For this study, we generated a large experimental dataset of hERG assay results from 2130 chemicals, which were carried out under the same conditions. Similar to the ChEMBL hERG toxicity database, publicly available datasets were generally collected from the literature and may contain many inconsistent data. Such inconsistency may lead to inaccurate computational models. Our dataset was used to train machine learning models (linear regression, ridge regression, logistic regression, naïve Bayes, neural network, and random forest), and it was found that the model using the neural network showed a higher Matthews correlation coefficient (MCC) of 0.368, than the other models.

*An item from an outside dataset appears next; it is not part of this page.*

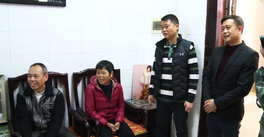 徐成彬与彭晓蓝父母促膝长谈,他代表沙溪镇党委政府向彭晓蓝家庭表示祝贺,向彭晓蓝父母为沙溪悉心培养出优秀的人民子弟兵表示感谢。

In addition, when the neural network model was further evaluated using a test dataset of ten drug compounds obtained from in vivo experiments in this study, the model showed a high accuracy of 80% (MCC of 0.655). Therefore, the developed hERG-toxicity prediction model can be utilized as a virtual screening tool for the identification of the cardiotoxicity of drug candidates in the early stage of drug discovery.

Materials and methods

Binding assay for hERG based on fluorescence polarization

The fluorescence polarization (FP)-based binding assay for hERG was measured according to the protocol of the Predictor™ hERG FP kit (Thermo Fisher Scientific, Inc., Rockford, IL, USA). The membrane fraction containing the hERG channel protein (Predictor™ hERG membrane) and tracer (Predictor™ hERG tracer red) was prepared with dilution in the binding buffer provided by the manufacturer. The binding assay was conducted in a final volume of 20 μL with a 10 μL membrane, 5 μL of a 4 nM tracer, and 5 μL of test compounds. The assays were conducted in 384 well black flat-bottom microplates (Corning Life Sciences, Lowell, MA, USA). After incubation for 4 h at room temperature, the FP was determined using a multimode reader (Infinite M1000PRO; Tecan, Mannedorf, Switzerland) in the FP detection mode, with excitation and emission filters of 535 and 590 nm, respectively.

In vivo experimental procedures and recordings of electrocardiography

In this study, guinea pigs were used and fasted for 18 h prior to the experimental procedures. The animals were anesthetized with sodium pentobarbital (60 mg/kg, i.p.), followed by artificial respiration using a rodent ventilator (60 strokes/min, 1 ml/100 g BW). The animals were placed on a heat pad with circulating water at a temperature of 37 °C. A catheter was inserted into the jugular vein for drug administration, and electrocardiography (ECG) pin electrodes were positioned for the standard limb lead and chest lead configurations. All the animals were allowed to stabilize for 20 min after being instrumented, prior to drug administration. When the heart rate of each animal was constant, the lowest concentration of the drug was administered for 1 min through the jugular vein. After 10 min, the test drug at the following concentration was administered according to the cumulative method. The QRS complex and the PR, QT, PRC, and QRc intervals were measured with the ECG measurement yields, in addition to the heart rate, for the evaluation of the cardiac function. The values were expressed as the mean and standard deviations of each group. The data were analyzed using the one-way analysis of variance (ANOVA) followed by Dunnett’s test, to verify the significant differences between the groups.

Data preparation

The hERG toxicities of 2130 compounds were measured as IC50 values. Compounds with IC50 < 10 μM were classified as toxic and the other compounds were classified as nontoxic [19]. Consequently, 221 compounds (10.38%) were identified as hERG-toxic, and 1909 compounds (89.62%) were identified as nontoxic. The toxicities of ten drug compounds obtained from in vivo experiments, which were not included in the 2130 compounds, were used for testing our developed model.

Descriptor calculation

The compounds from the hERG toxicity assays were expressed in the simplified molecular-input line-entry system (SMILES) format [21], and the SMILES were used for the DRAGON software (version 7.0.10) to calculate their physicochemical descriptors and fingerprints (2432 nonconstant molecular descriptors) [22]. In addition, extended connectivity fingerprints (ECFPs) were also generated [23] with a maximum diameter parameter of 4 and length parameter of 1024. Thus, in this study, 3456 molecular features were used for the training of the learning models.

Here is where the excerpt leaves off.